À la tête d’un gouvernement composé majoritairement de femmes, laissant une large place aux personnalités politiques indépendantes, Gabriel Boric devient vendredi, à 36 ans, plus jeune président de l’histoire du Chili. Il a désormais quatre années pour répondre à ses promesses de campagne d’un État plus protecteur dans un pays très inégalitaire.
Il porte sur ses épaules le poids de la colère du mouvement social de 2019 et incarne l’espoir d’un nouveau modèle économique plus égalitaire : Gabriel Boric, 36 ans, assume, vendredi 11 mars, une délicate passation de pouvoir au Chili, la plus scrutée depuis le retour de la démocratie en 1990.
Dans un Chili “berceau du néolibéralisme en Amérique latine”, le nouveau président, élu en décembre face à l’extrême droite à la tête d’une coalition de gauche incluant le Parti communiste, a promis que ce sera aussi “son tombeau”.
Cet ancien président de la Fédération des étudiants de l’université du Chili (FECH) rêve de la mise en place d’un État-providence pour venir en aide aux classes moyennes endettées et de sortir le Chili du bas du classement des pays les plus inégalitaires de l’Organisation de coopération et de développement économiques (OCDE).
Il a promis une grande réforme fiscale pour faire participer les plus riches à son programme de meilleur accès à la santé, à l’éducation et à la création d’un nouveau système de retraite, aujourd’hui entièrement privés.

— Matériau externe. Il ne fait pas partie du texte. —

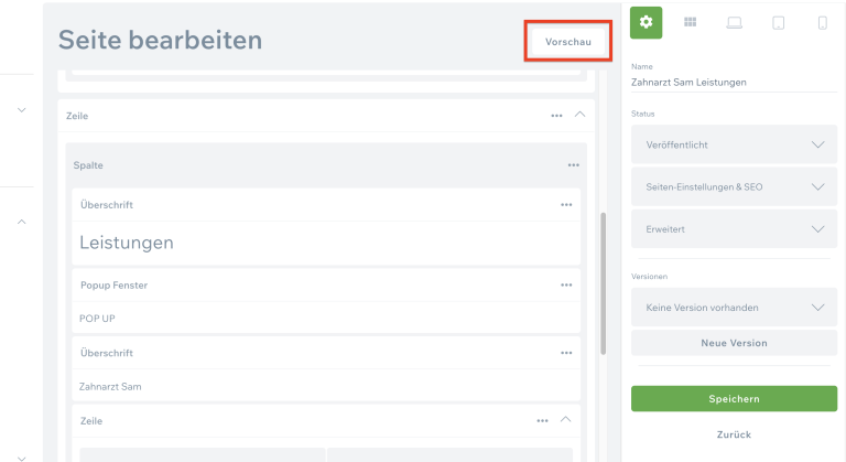 Während der Bearbeitung kannst du dir jederzeit eine Vorschau der Seite über Klick auf den Button ansehen.

Mais ses désirs de changements radicaux au modèle économique néolibéral du Chili vont se heurter à une croissance quasi nulle à l’horizon 2023 et un Parlement qui n’est pas entièrement acquis à sa cause, même s’il s’engage a “plus de droits sociaux tout en restant fiscalement responsables”.
Un gouvernement majoritairement féminin
Pour mener à bien son dessein forgé sur les bancs de la faculté de droit et à la tête des manifestations étudiantes de 2011 “pour une éducation gratuite et de qualité”, Gabriel Boric s’est entouré de ses fidèles compagnons de lutte : Camila Vallejo, 33 ans, la nouvelle porte-parole du gouvernement, et Giorgio Jackson, 35 ans, nommé ministre chargé des Relations avec le Parlement.
Son gouvernement de 42 ans de moyenne d’âge majoritairement féminin (14 femmes sur les 24 ministres) comporte un tiers d’indépendants, dont le ministre clef de l’Économie et des Finances, le respecté ancien président de la Banque centrale Mario Marcel, 62 ans. L’annonce de sa nomination a rassuré les marchés qui avaient dégringolé au lendemain de la présidentielle.
Les postes régaliens de la Justice, de l’Intérieur et de la Défense seront tous dirigés par des femmes.
La portée symbolique de la nomination à la Défense de Maya Fernandez, 50 ans, petite-fille de l’ex-président socialiste Salvador Allende (1970-1973) renversé par le général Pinochet, est immense. Elle entend clore encore un peu plus les années de dictature revigorées par l’accession au second tour de José Antonio Kast, ouvertement admirateur de Pinochet.
Une ancienne employée de maison devenue syndicaliste, Luz Vidal, 48 ans, sera la nouvelle vice-ministre des Femmes et de l’Égalité des sexes, une nomination également symbolique dans un pays marqué par l’inégalité sociale où 1 % des Chiliens possèdent 25 % des richesses, selon une agence de l’ONU.
Une expérience politique limitée
Ce couronnement d’un changement générationnel dans la politique chilienne, Gabriel Boric dit l’avoir voulu en composant une “équipe de ministres menée par des personnes d’origines et de parcours divers, un gouvernement avec une majorité de femmes (…), intergénérationnel, avec une pluralité politique et des points de vue”.
La réalisation de son programme pourrait être facilitée par l’arrivée d’une nouvelle Constitution, si elle est validée par référendum. En cours de rédaction par une Assemblée constituante élue, elle doit remplacer celle élaborée sous la dictature d’Augusto Pinochet (1973-1990). C’était une des principales revendications du soulèvement social de 2019, dont Gabriel Boric est aujourd’hui l’héritier politique et dont il doit désormais satisfaire les attentes.
D’autres défis attendent le “gouvernement écologiste” que Gabriel Boric avait annoncé mi-janvier à un parterre de chefs d’entreprise. Les questions de sécurité publique, de migration clandestine et de tensions avec les communautés indigènes traînent depuis plus d’une décennie et, pour la plupart, se sont aggravées.
Des thématiques qui peuvent paralyser la dynamique sur laquelle s’inscrit ce début de mandature sous le signe de l’espoir que suscite la jeunesse de Gabriel Boric, tempéré toutefois par son expérience politique limitée. Car l’ancien syndicaliste n’a effectué que deux mandats de député, entre 2013 et 2021.